Извилистая дорога шла между пашнями, прерывавшимися кустарником. В это лето в Н* губернии были ужаснейшие засухи. Мелкая и черная пыль поднималась от движения лошадей и колес тарантаса густым столбом, останавливалась в недвижном воздухе, пронизываемая палящими солнечными лучами, ложилась пустыми слоями на поднятый верх тарантаса, на подушки, на шинель мою, на фуражку, на лицо, щекотала нос и забивалась в рот. Я задыхался от жара, беспрестанно отмахивался от пыли, от неотвязчивых и вялых мух и при всем желании никак не мог наслаждаться окружавшей меня природой — однообразными, но милыми сердцу видами. Дорога мне показалась ужасно длинною.
— Скоро ли Никольское-то? — спросил я у ямщика.
— Теперь недалеко: с версту али с две — только, — отвечал он, лениво помахивая кнутом над измученными лошаденками и приговаривая: — но-но-но!
Я высунулся из тарантаса и посмотрел на обе стороны: однообразная, мертвящая гладь кругом. "Где же эта маленькая Швейцария-то?" — подумал я, вспомнив невольно письмо ко мне Летищева.
Проехав немного, ямщик мой сказал: "А вот и Никольское!" — и указал мне кнутовищем на небольшую деревеньку, вправо от дороги, расположенную на совершенно ровном месте, на самом припеке, и не защищенную ни одним деревцем от солнца. При взгляде на эту кучку почерневшего и полусгнившего леса, с закопченной соломой наверху, мной овладело тоскливое чувство.
Барский дом, длинный и неуклюжий, в один этаж, с мезонином в середине с полукруглым окном, выкрашенный темно-желтой краской, с зелеными ставнями и красной крышей, стоял несколько в стороне от деревни, окруженный службами и покривившимся некрашеным решетчатым забором, перед небольшим прудом, поросшим осокой и с одного края подернутым плесенью. Перед домом и за домом несколько тоненьких молодых полузасохших деревьев, а несколько в стороне от дома значительное пространство срубленного леса.
Вот каково было Никольское в действительности.
Подъезжая к дому, я увидел у подъезда двух безобразных алебастровых львов, более похожих на собак, вроде тех, которые украшают ворота московских домов. На средине двора, перед подъездом, торчала клумба с длинными синими цветами, перемешанными с другими, имевшими вид желтых пуговок.
"Где же эти розы величиною с пионы?" — подумал я.
Наконец лошади остановились у подъезда. Я вылез из тарантаса и осмотрелся кругом: у одного из флигелей стоял какой-то мальчишка в грязной рубашонке, с вымазанным лицом и смотрел на меня, зевая; кроме этого мальчишки и петуха, разрывавшего землю в клумбе и от времени до времени гордо приподнимавшего свою головку с хохлом и подергивавшего ее в сторону, на дворе не было ни души человеческой. Когда я поднял ногу на ступеньку подъезда, из ближайшего к подъезду окна высунулась какая-то растрепанная и старая женская фигура и тотчас же спряталась. Я отворил дверь. В передней на прилавке лежал лакей, спавший богатырским сном и храпевший с каким-то особенным треском. Я растолкал его. Он вскочил, протер глаза и начал тупо смотреть на меня сквозь невольно и снова опускавшиеся веки, принимая меня, вероятно, за продолжение своего сна. Я насилу мог растолковать ему, что я приезжий гость, приятель его барина.

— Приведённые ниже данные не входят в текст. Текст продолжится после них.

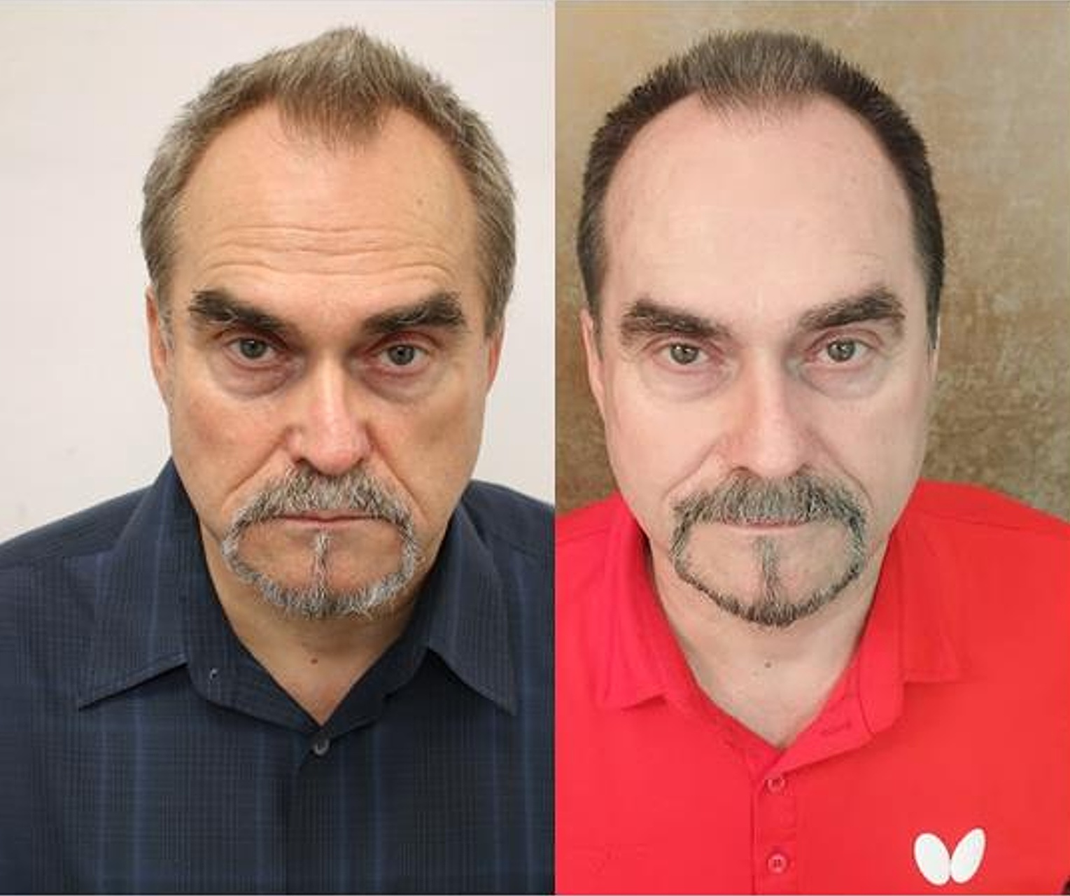 Muž 61 let vlevo v den ošetření v nelichotivé tmavé barvě. Vpravo už více omlazující barva. Mohu Vašeho blízkého muže nebo Vás omladit i barvami oblečení, provádím už 30 let Barevnou typologii pro ženy i pro muže. Více na www.barevnatypologie.cz a fotografie mužů ZDE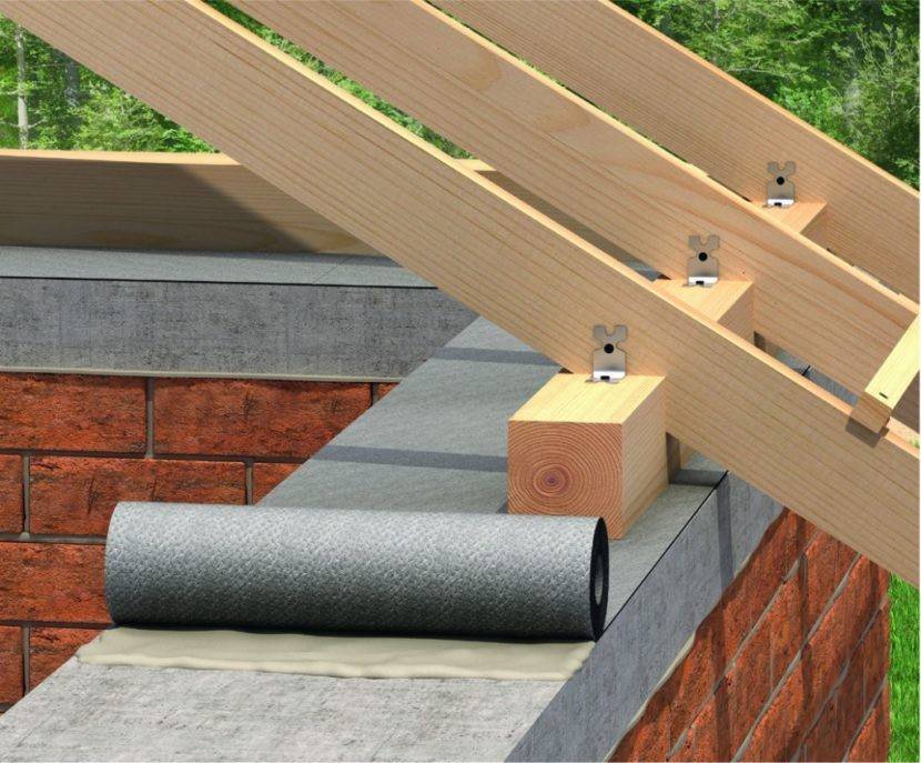 установка и крепление мауэрлата на наружные стены. Он укладывается с той стороны, куда планируется делать наклон крыши. Предпочтительно, чтобы эти стены были параллельны внутренней несущей стене здания. Под брус необходимо положить слой гидроизоляции любого типа;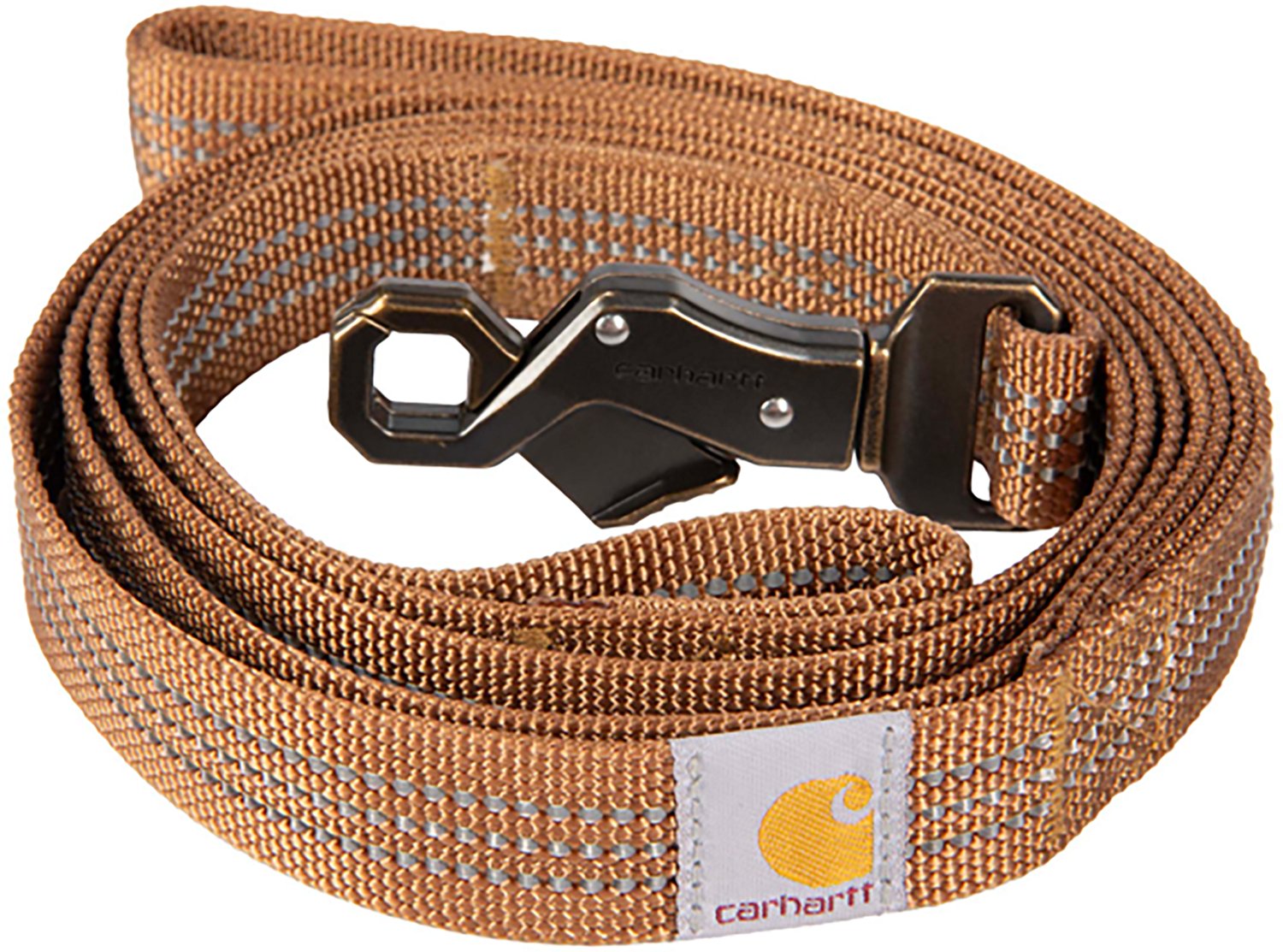 Manage your furry best friend's movement more effectively using this Carhartt Dog Leash, featuring 1 reinforced and 1 traffic handle for reliable use in both open and tighter spaces. The 600-denier nylon construction and adjustable metal D-ring withstand pulls, and a metal trigger claw clasp ensures the leash stays securely connected. The leash even remains visible in low light, thanks to reflective details.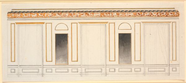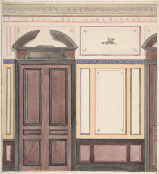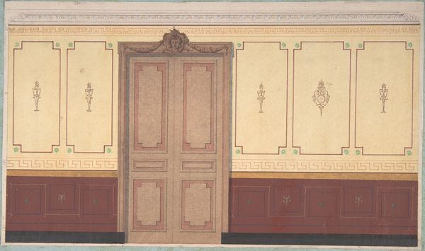 Jules-Edmond-Charles Lachaise created this design for painted wall paneling at Deepdene, in Dorking, Surrey, using watercolor, graphite, and pen and ink. The Deepdene estate, owned by the Hope family, was known for its extensive art collection and lavish interiors, embodying the wealth and status of the British aristocracy. Lachaise's design reflects this social milieu, showcasing an idealized vision of domesticity and taste. The paneling, with its muted colors and classical motifs, evokes a sense of refined elegance and order. Yet, the careful arrangement and subtle ornamentation also speak to the ways in which identity and social roles were constructed through interior design. Consider how the layout of a room can dictate interactions, shaping gendered and classed expectations within the domestic sphere. The aesthetic choices, while seemingly innocuous, reinforce specific social hierarchies and cultural values, inviting us to reflect on the power dynamics inherent in the spaces we inhabit.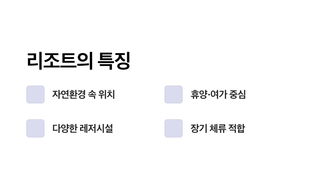 리조트는 ‘머무르며 놀고 쉴 수 있는 공간’입니다. 주로 자연이 풍부한 바닷가, 산속, 외곽 지역에 위치해 있으며, 숙박뿐만 아니라 수영장, 스파, 키즈클럽, 골프장 등 다양한 휴양 시설이 함께 있습니다.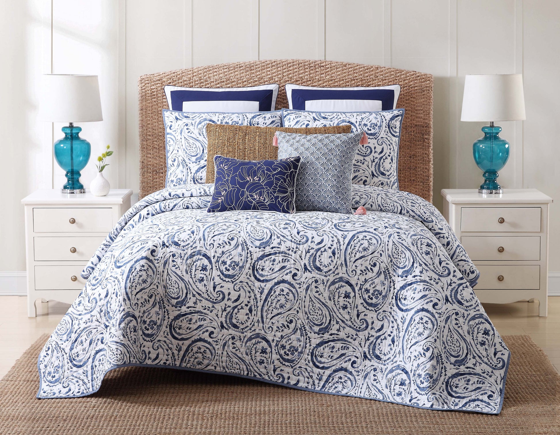 White base paisley print in dusty blue shades in 100% cotton face and back fabrics. This pattern is fully accessorized to help you complete the look of the room.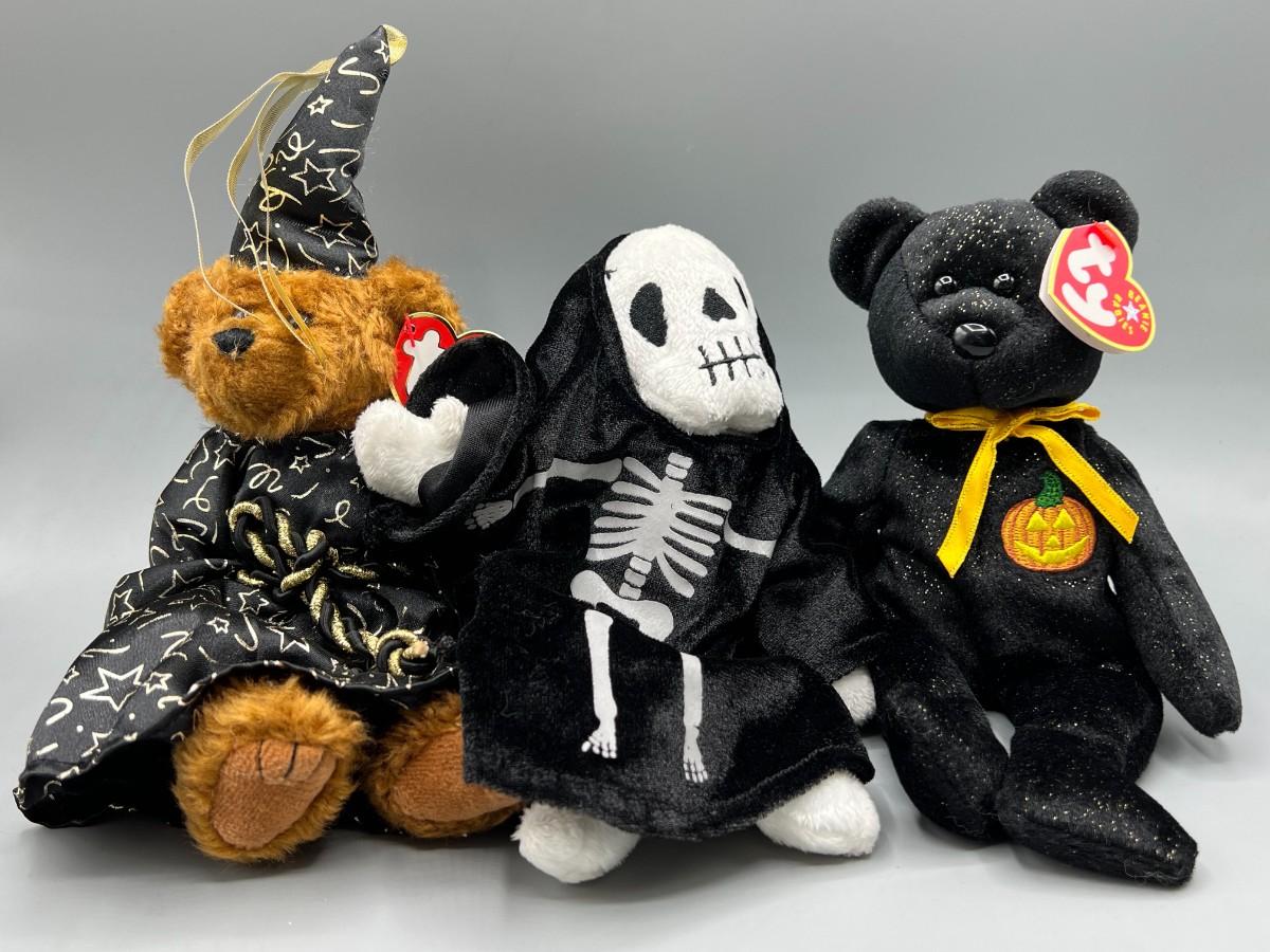 Lot of Spooky Halloween Beanie Babies Bears & Skeleton Plushies

— Где же твой барин? веди меня к нему.
— Барин?.. Николай Андреич? — спрашивал он с расстановками, — вам Николая Андреича надо?.. Николай Андреич почивают.
— Все равно. Веди меня к нему.
Лакей почесался, зевнул, еще раз взглянул на меня и сказал:
— Пожалуй. Ступайте за мной.
И привел меня в комнату, стены которой были увешаны старинными граведоновскими раскрашенными женскими головками, некогда украшавшими все столичные кабинеты и потом перешедшими в провинцию. В простенке стоял стол, а на столе чернильница, разные письменные принадлежности, дагерротипный женский портрет и книжка какогото романа Пиго Лебрёня в старинном переплете — все покрытое густою пылью. Шторы в комнате были опущены, а на большом кожаном диване лежал навзничь сам барин, покрытый халатом, который сбился к его ногам, с расстегнутым воротом рубашки, из-за которой виднелась широкая грудь, заросшая густыми волосами. Грудь и живот, возвышавшийся горою, мерно колыхались от его тяжелого дыхания, оживленного небольшим носовым свистом. Рот его был полураскрыт; пот выступал на лбу крупными каплями. У головы его, на полу, лежал чубук и несколько в стороне трубка с рассыпавшимся около нее пеплом. Эта груда волновавшегося тела представляла неприятное зрелище. У меня даже дрожь пробежала при мысли, во что превратился этот некогда хорошенький мальчик, бывший в пансионе моим образцом и пленивший своими изящными манерами мою маменьку.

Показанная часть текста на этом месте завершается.